RNAi target genes and dsRNA sequences. Short portions of the Ad vermilion mRNA gene sequence (679 bp) were used to design 450 bp (51–500 bp) dsRNA (dsAdV) (
Table S11) to target the Ad vermilion gene for knock-down via RNAi. An additional dsRNA (dsEGFP) also was made using 450 bp of EGFP coding sequence (region 96–545 bp) and was used both to knock-down EGFP in our knock-in cricket lines via RNAi and a negative control for the RNAi experiments for knocking down Ad vermilion for white eye color via RNAi. Both dsRNA sequences were from Genolution Inc. (Seoul, Republic of Korea).
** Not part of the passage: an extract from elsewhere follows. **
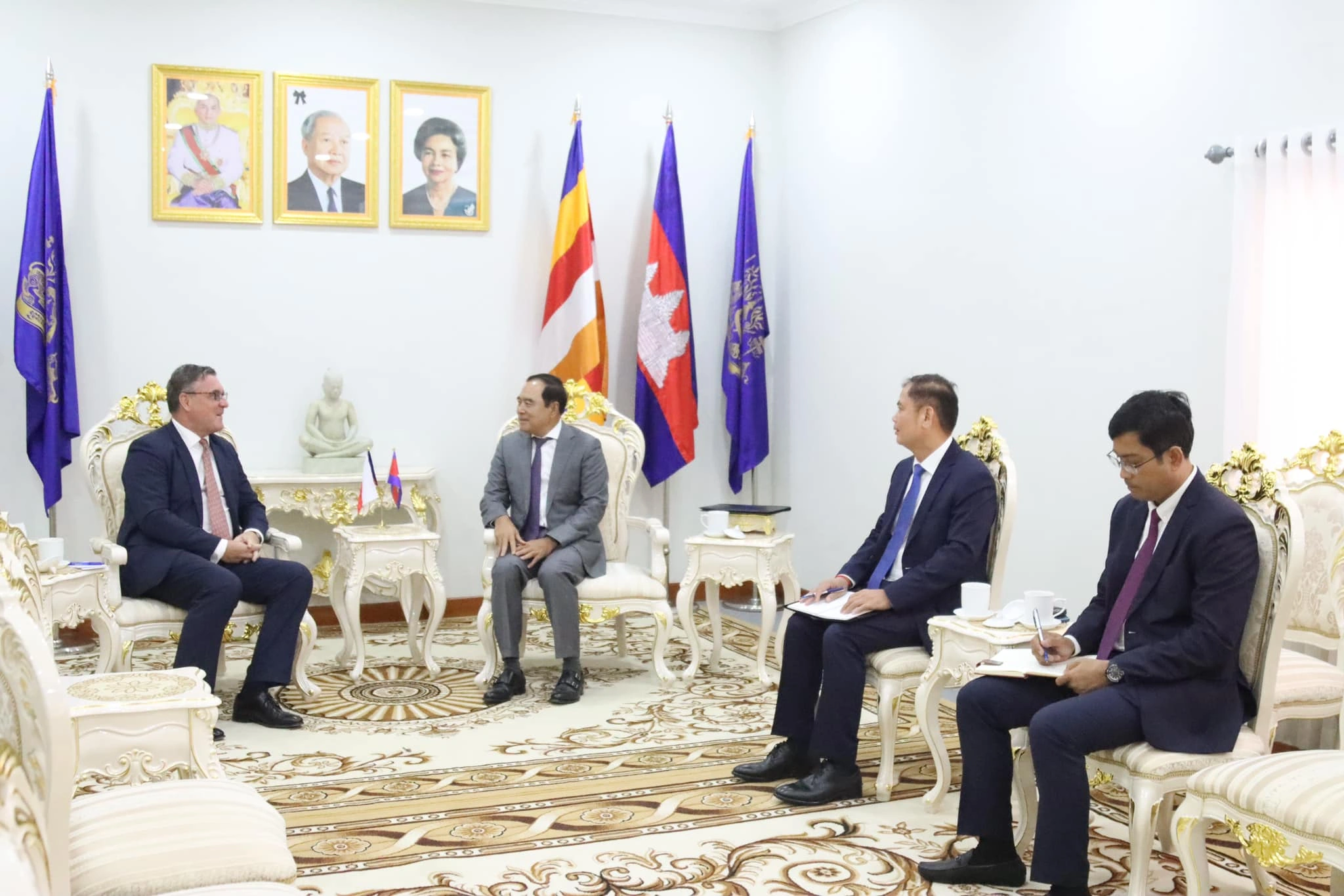ក្នុងជំនួបនោះ ភាគីទាំងពីរ បានធ្វើការពិភាក្សាគ្នាដោយឆ្លុះបញ្ចាំងពីទំនាក់ទំនងទ្វេភាគីដ៏ជិតស្និទ្ធ ទំនាក់ទំនងមិត្តភាព និងកិច្ចសហការរវាងប្រទេសទាំងពីរ។ ក្នុងឱកាសនោះ ឯកឧត្តម ទេសរដ្ឋមន្រ្តី លី ធុជ បានពាំនាំនូវសេចក្តីសាកសួរសុខទុក្ខពីសំណាក់ សម្តេចមហាបវរធិបតី ហ៊ុន ម៉ាណែត នាយករដ្ឋមន្រ្តី និងជាប្រធានអាជ្ញាធរមីន ជូនចំពោះ ឯកឧត្តម Martin Vavra ឯកអគ្គរដ្ឋទូតសាធារណរដ្ឋឆែកប្រចាំកម្ពុជា និងសហការី ដែលបំពេញបេសកកម្មដ៏មានតម្លៃ ដើម្បីជាផលប្រយោជន៍រួម ពង្រឹងចំណងមិត្តភាព និងកិច្ចសហប្រតិបត្តិការសម្រាប់ប្រជាជននៃប្រទេសទាំងពីរ។

A. domesticus microinjection and screening for RNAi. The concentrations of components of the cricket RNAi microinjection solution were: 2.5 µg/uL for dsRNA (dsAdV or dsEGFP) with 20% phenol red buffer. Two separate experiments were utilized to demonstration of RNAi efficacy in
A. domesticus; one using wild type crickets and the other using our genetically modified strain. The dsAdV was injected into wildtype crickets to knock down eye color. The dsEGFP was injected into wild type crickets both as a negative control and also in separate experiments to knock down EGFP expression in our AdVELV1-3 EGFP expression strain. Two to three sets of microinjections of each RNAi experiment were conducted using young nymphs (following their first molt after hatching from eggs). Crickets were placed on ice for 5 min to immobilize them and were subsequently injected in the posterior abdomen (
Figure S12). Around 25 to 30 crickets were injected using a total of 4 µL of injection solution (approximately 0.15 µL per injection). Following injection, crickets were maintained in a medium sized cage (Kritter Keeper
®, 4.80 × 7.40 × 5.60 in, Lee’s Aquarium & Pet Products, San Marcos, CA, USA) with food and water. After microinjection, crickets were screened based on eye color or EGFP expression every week and phenotype changes were documented.